NICOTINE patches and gum will be offered to smokers as young as 12, following a project which started in the North-East.

The Department of Health has given approval for the treatment to be offered to child tobacco addicts across England and Wales without their parents' consent.

The move to extend the initiative to the rest of the country comes after the success of a pilot scheme in the region.

As part of the extended scheme, all six secondary schools in the Derwentside district of County Durham will offer nicotine replacement therapy to children aged 12 to 17.

School nurses will be able to offer patches to children who show signs of being addicted to cigarettes.

Health professionals believe it will substantially improve the chances of young people kicking the habit at an early age.

Under the Government's plans, children will be able to get patches and gum prescribed free by their GP, and may be able to buy them over the counter at newsagents and petrol stations - as the Government aims to change the law restricting who can sell the treatments.

A spokesman for the British Medical Association said: "Helping young people give up can prevent a lifetime of ill health and death from lung cancer."

According to research, smokers are twice as likely to succeed in quitting if they use gum and patches but, until now, youngsters under 18 have been advised against using them, as the patches have only been tested on adults.

Now the Government has been told by the Committee on the Safety of Medicines that it is better for youngsters to use patches and gum than for them to continue smoking.

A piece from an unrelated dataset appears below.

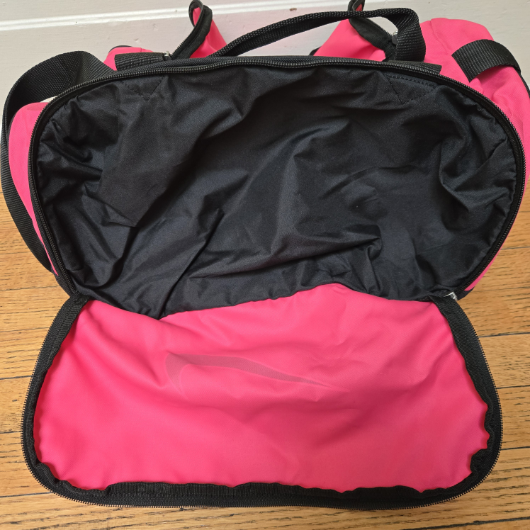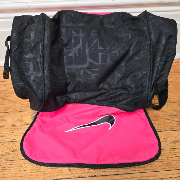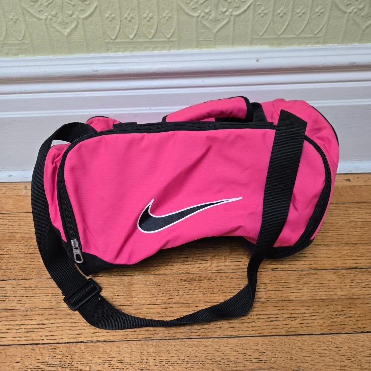 Selling a cute Nike duffle bag! It's pink and black, perfect for the gym or a weekend getaway. It has a spacious interior and a shoulder strap for easy carrying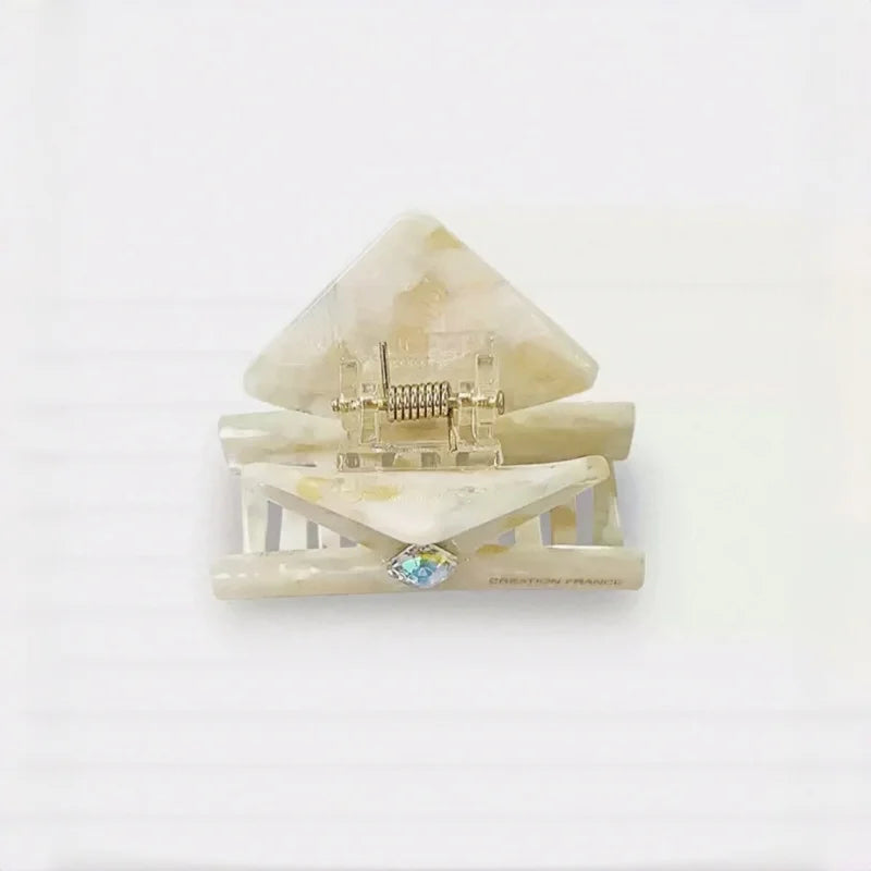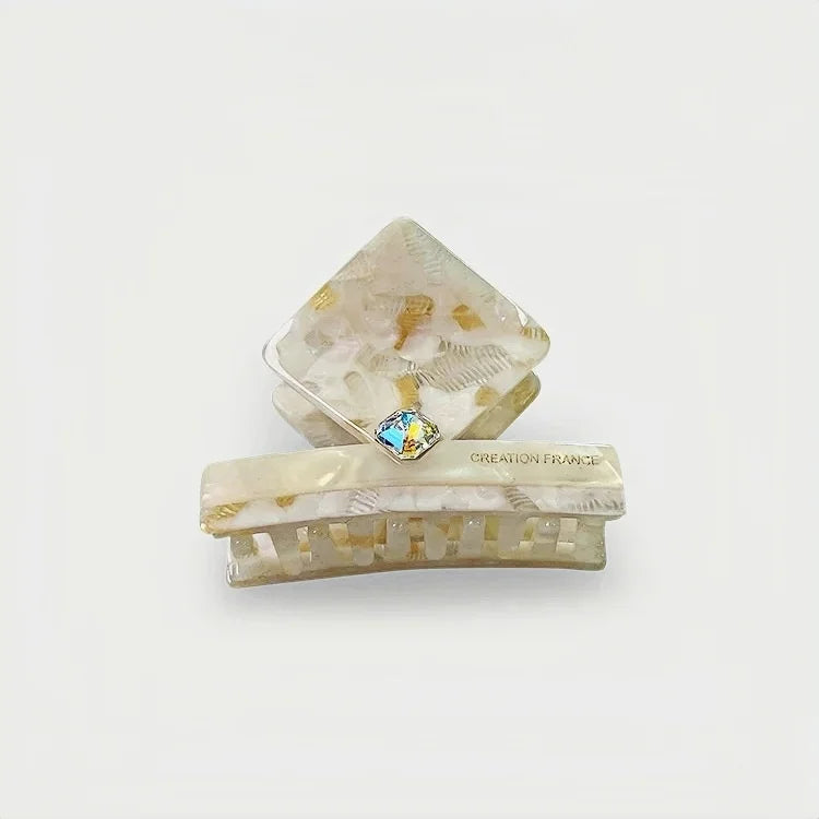 Ivory Marble Acetate Hair Claw Clip – Elegant Geometric French-Inspired Hair Accessory | Handmade Textured Square Design with Crystal Accent | Chic Minimal Hair Clip Gift for Her

Nationally, about one per cent of 11-year-olds are smokers but, among children aged 11 to 15, the figures rise to seven per cent of boys and ten per cent of girls, while among 16-year-olds, as many as 16 per cent of boys and 26 per cent of girls regularly smoke.

The Derwentside scheme follows a small pilot programme at Greencroft School, in Annfield Plain, last year. Just under half the small sample of children stopped smoking.